What you have to do: Each line of the data must be written out again verbatim; no image belongs in the copy.

Recorded information:

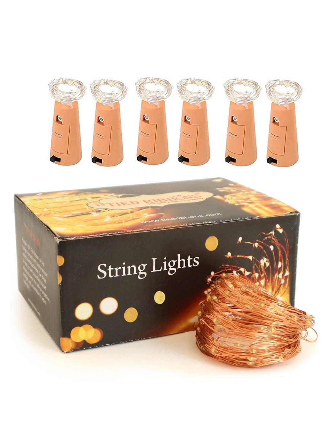 TIED RIBBONS Pack of 6 Wine Bottle Cork Copper Wire String Lights (2 Meter 20 LED in Each) – Lights for Home Decoration
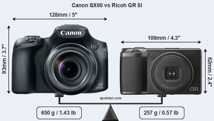 If the front view area (width x height) of the cameras is taken as an aggregate measure of their size, the Ricoh GR III is considerably smaller (43 percent) than the Canon SX60. Moreover, the GR III is substantially lighter (60 percent) than the SX60. In this context, it is worth noting that neither the SX60 nor the GR III are weather-sealed.
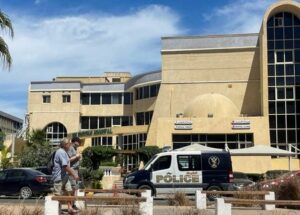 Varias personas caminan junto a un vehículo de la policía egipcia delante del hospital donde se encuentran los cuerpos de los extranjeros que murieron al hundirse un submarino turístico frente a la ciudad turística egipcia de Hurgada, en el mar Rojo, y cuyas nacionalidades aún se desconocen, en Hurgada, Egipto, 27 de marzo de 2025. REUTERS/Stringer
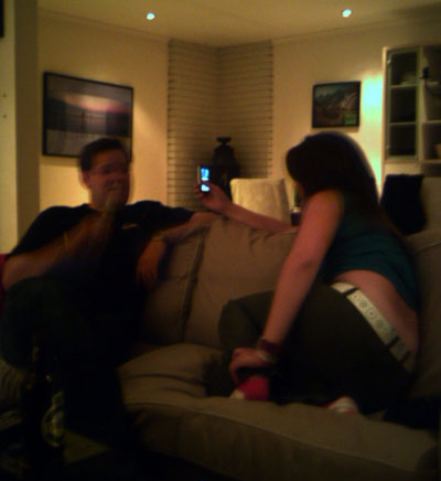 Anniken og Arild kom innom med muffins og skumboller. KJEMPEDIGRE! Ettersom Kjetil (L.) også var i søndagsmodus så fant han også ut at det var en god idé å sløve hos oss.

Response for this exercise:
 TIED RIBBONS Pack of 6 Wine Bottle Cork Copper Wire String Lights (2 Meter 20 LED in Each) – Lights for Home Decoration
 If the front view area (width x height) of the cameras is taken as an aggregate measure of their size, the Ricoh GR III is considerably smaller (43 percent) than the Canon SX60. Moreover, the GR III is substantially lighter (60 percent) than the SX60. In this context, it is worth noting that neither the SX60 nor the GR III are weather-sealed.
 Varias personas caminan junto a un vehículo de la policía egipcia delante del hospital donde se encuentran los cuerpos de los extranjeros que murieron al hundirse un submarino turístico frente a la ciudad turística egipcia de Hurgada, en el mar Rojo, y cuyas nacionalidades aún se desconocen, en Hurgada, Egipto, 27 de marzo de 2025. REUTERS/Stringer
 Anniken og Arild kom innom med muffins og skumboller. KJEMPEDIGRE! Ettersom Kjetil (L.) også var i søndagsmodus så fant han også ut at det var en god idé å sløve hos oss.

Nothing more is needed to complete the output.